A cloud deployment model defines where the physical servers are deployed and who manages them.

Public Clouds
Public clouds provide access to computing resources for the general public over the Internet but the resources themselves are owned by the organization selling the cloud services. The public cloud provider allows customers to self-provision resources typically via a web service interface. Customer's rent access to resources as needed on a pay-as-you-go basis. Public clouds offer access to large pools of scalable resources on a temporary basis without the need for capital investment in data center infrastructure.
With public cloud, infrastructure costs are shared across customers, which result in economies of scale. Data control might be an issue depending on a number of factors, including the type and sensitivity of the data as well as the industry and local laws concerning the data.
Private Clouds
Private clouds give users immediate access to computing resources hosted within an organization's infrastructure and the resources are dedicated solely for that organization's use. Users self-provision and scale collections of resources drawn from the private cloud, typically via web service interface, just as with a public cloud. However, because it is deployed within the organization's existing data center—and behind the organization's firewall—a private cloud is subject to the organization's physical, electronic, and procedural security measures and thus offers a higher degree of security over sensitive code and data.

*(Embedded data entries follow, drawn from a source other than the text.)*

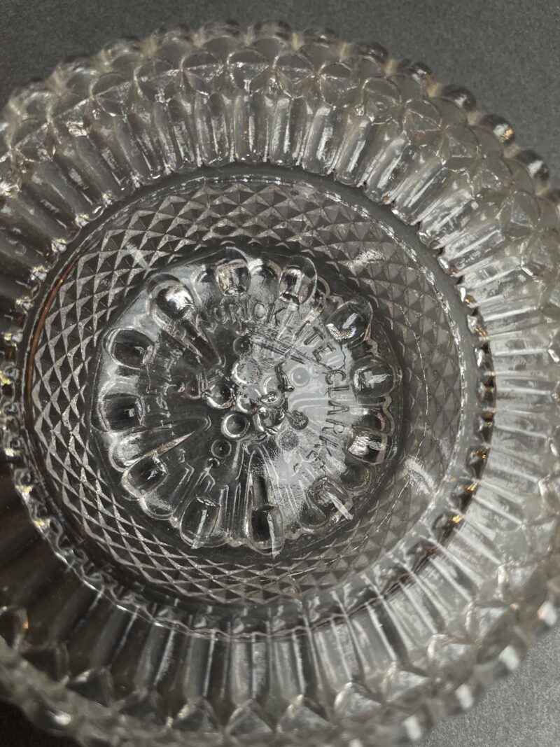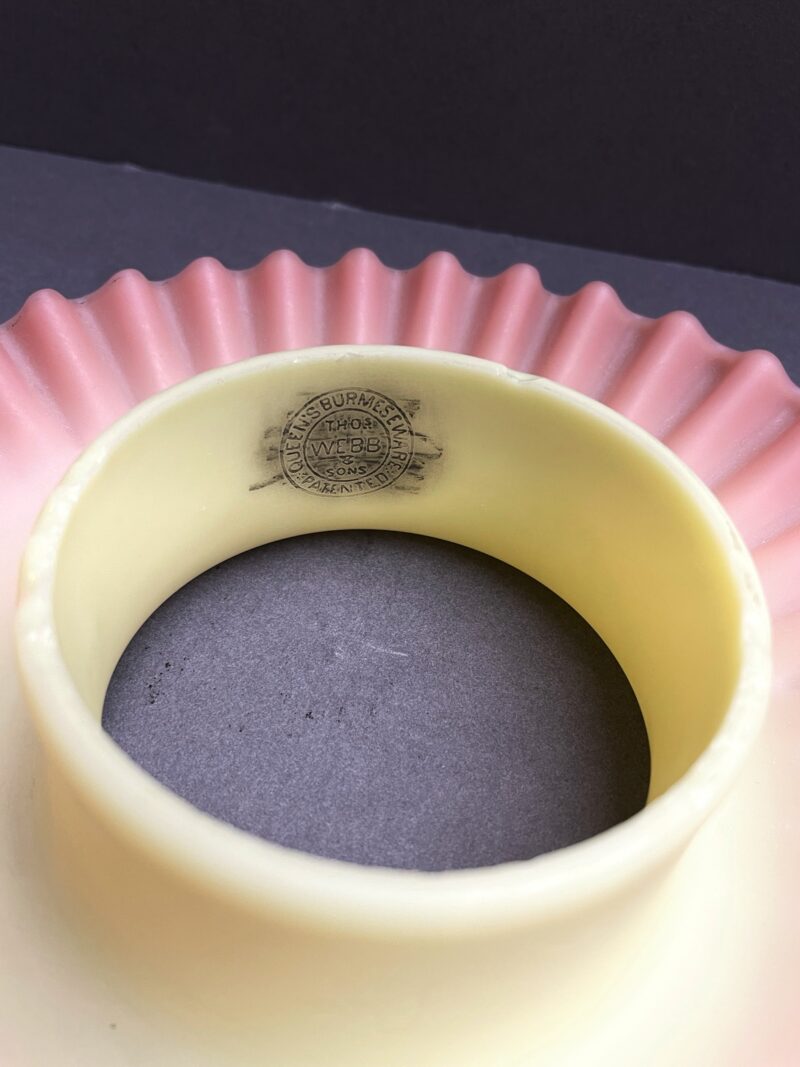 Marked on the interior rim of the cylinder saucer centre, on one side, in circular black overprinted marks, with: ” S. Clarks”, then, “Patent, Trademark, Fairy”. On the opposite side, in the same manner: an outside ring with “Queens Burmeseware Patented” and on the interior, “Thomas Webb and Sons”, c. 1887 (pictured).
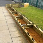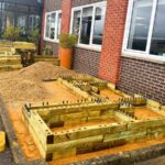 Grunden havde en skråning på det sted, hvor det lange L-formede højbed skulle placeres, så det krævede lidt klargøring af området. Der blev fjernet græstørv og lagt stabilgrus for at sikre, at underlaget var helt plant, inden samlearbejdet kunne starte. Der blev gjort et imponerende arbejde med at klargøre området, og vores byggevejledning blev fulgt til punkt og prikke.
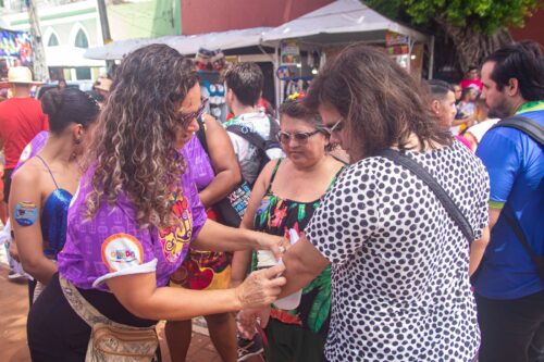 A iniciativa acontece em meio a folia, com abordagens diretas aos foliões e distribuição de materiais informativos.
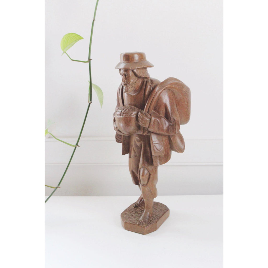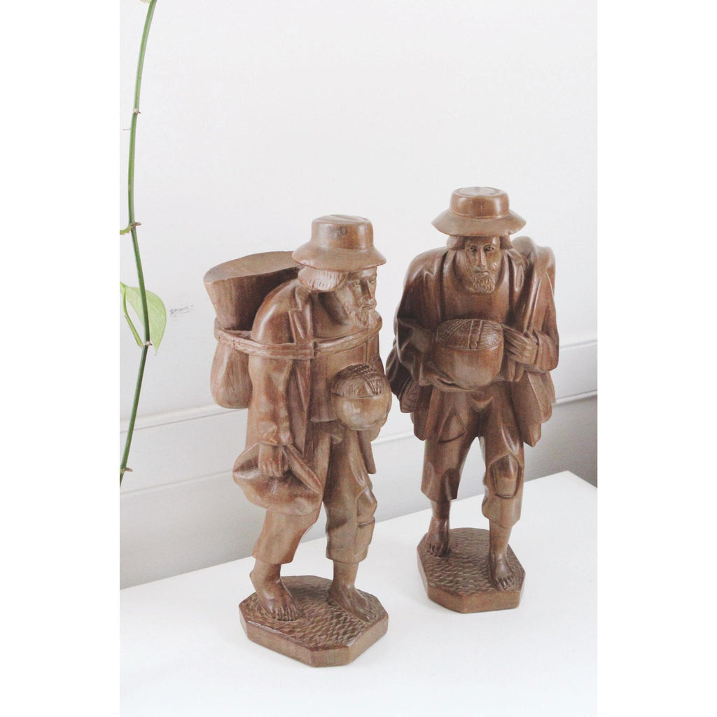 Vintage Hand-Carved Wooden Traveling Men Figurines - Vagabond Rustic Sculptures
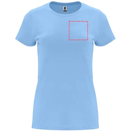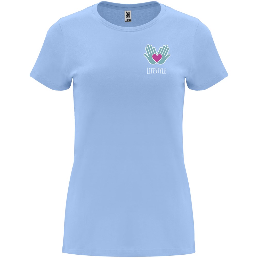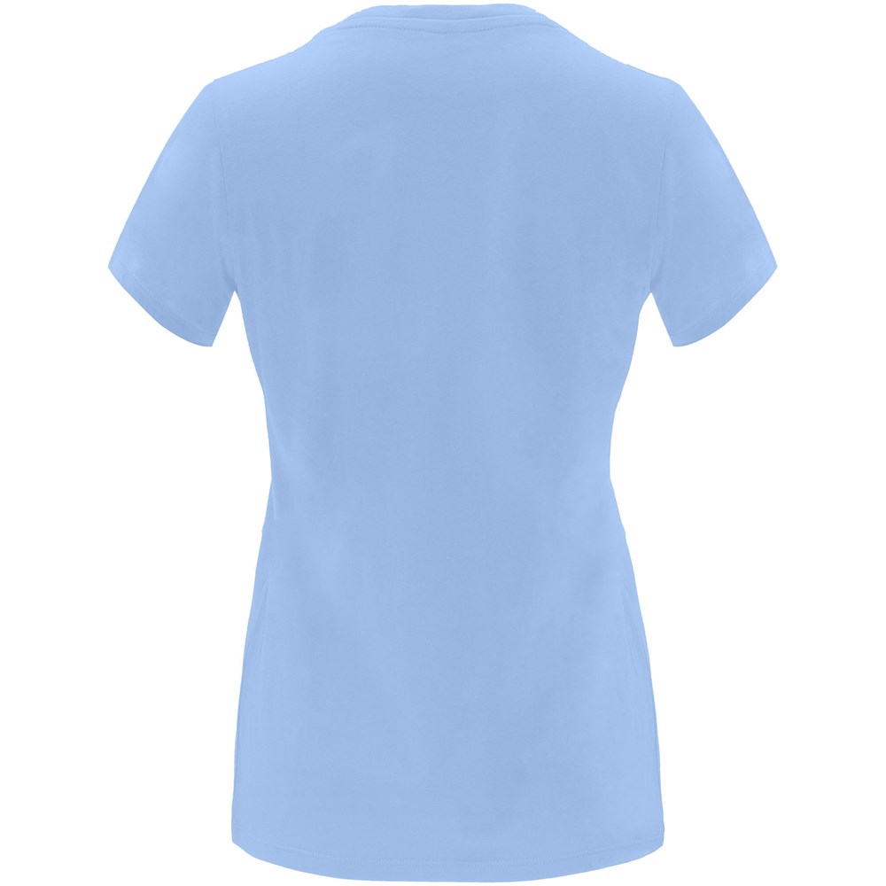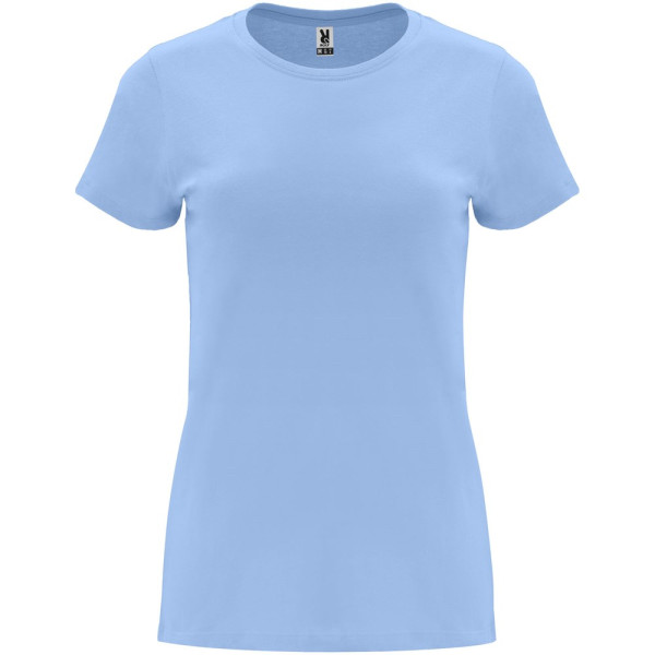 Getailleerd T-shirt met korte mouwen voor dames. 1x1 geribde ronde hals. Versterkte bedekte naden in de kraag. Verwijderbaar etiket.
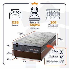 - Altura: 33 cm (colchão) + 26 cm (box) + 12 cm (pés) = 71 cm de altura;

With private cloud, the performance of physical hardware can be controlled and maintained by the organization, and can thus markedly improve data center efficiency while reducing operational expense.
Hybrid Clouds
Hybrid clouds combine one or more public clouds and one or more private clouds by technology that enables data and application migration between them. Hybrid clouds typically use a shared API to enable hybrid operation.
With hybrid cloud, organizations can utilize the cost benefits of a public cloud and when needed, protect confidential data in a private cloud.